The Science of Information: From Communication to DNA Sequencing

Professor David Tse (UC Berkeley)


Information theory is the science behind modern day communication engineering. Before information theory, the design of communication systems was ad hoc and tied to the specific source and specific physical medium of communication. By focusing instead on an abstract but quantifiable notion of information, the theory provides a unified basis for the design of all communication systems and introduces new ways of communicating that upends decades of engineering intuition. Can this way of thinking benefit other fields?

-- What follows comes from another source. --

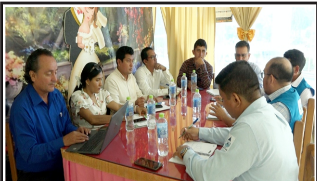
Red de Municipios Y Comunidades Saludables

In this talk we explore one such possibility: DNA sequencing, the basic workhorse of modern day biology and medicine. The dominant technique is shotgun sequencing, where many randomly located short reads are extracted from the DNA sequence and assembled to reconstruct the original sequence. Today there are multiple sequencing technologies and many assembly algorithms designed for them. A basic but yet open question is: given a sequencing technology and the statistics of the DNA sequence, what is the minimum number of reads required for reliable reconstruction? By drawing an analogy between the DNA sequencing problem and the communication problem, we formulate this question in terms of an information theoretic notion of sequencing capacity. It quantifies the intrinsic amount of information each read reveals about the DNA sequence, and can be used as a unified basis to compare existing assembly algorithms and sequencing technologies and for designing new ones. We characterize the sequencing capacity for synthetic models of DNA sequences as well as for actual genomic data.

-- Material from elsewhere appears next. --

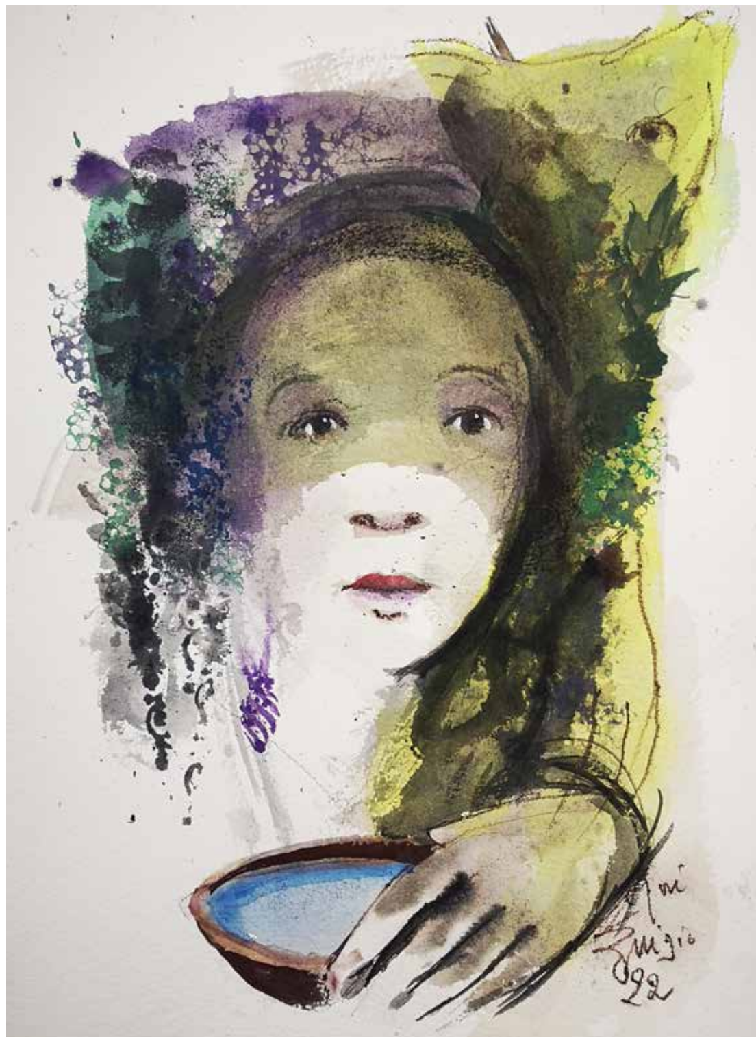
2. Série "A poética do olhar", 2022 Aquarela e aguadas ArtGraf s/ papel, 65x50 cm

David Tse received the B.A.Sc. degree in systems design engineering from University of Waterloo in 1989, and the M.S. and Ph.D. degrees in electrical engineering from Massachusetts Institute of Technology in 1991 and 1994 respectively. From 1994 to 1995, he was a postdoctoral member of technical staff at A.T. & T. Bell Laboratories. Since 1995, he has been at the Department of Electrical Engineering and Computer Sciences in the University of California at Berkeley, where he is currently a Professor. He received a 1967 NSERC graduate fellowship from the government of Canada in 1989, a NSF CAREER award in 1998, the Best Paper Awards at the Infocom 1998 and Infocom 2001 conferences, the Erlang Prize in 2000 from the INFORMS Applied Probability Society, the IEEE Communications and Information Theory Society Joint Paper Award in 2001, the Information Theory Society Paper Award in 2003, the 2009 Frederick Emmons Terman Award from the American Society for Engineering Education, and a Gilbreth Lectureship from the National Academy of Engineering in 2012. He has given plenary talks at international conferences such as ICASSP in 2006, MobiCom in 2007, CISS in 2008, and ISIT in 2009. He was the Technical Program co-chair of the International Symposium on Information Theory in 2004, and was an Associate Editor of the IEEE Transactions on Information Theory from 2001 to 2003. He is a coauthor, with Pramod Viswanath, of the text "Fundamentals of Wireless Communication", which has been used in over 60 institutions around the world.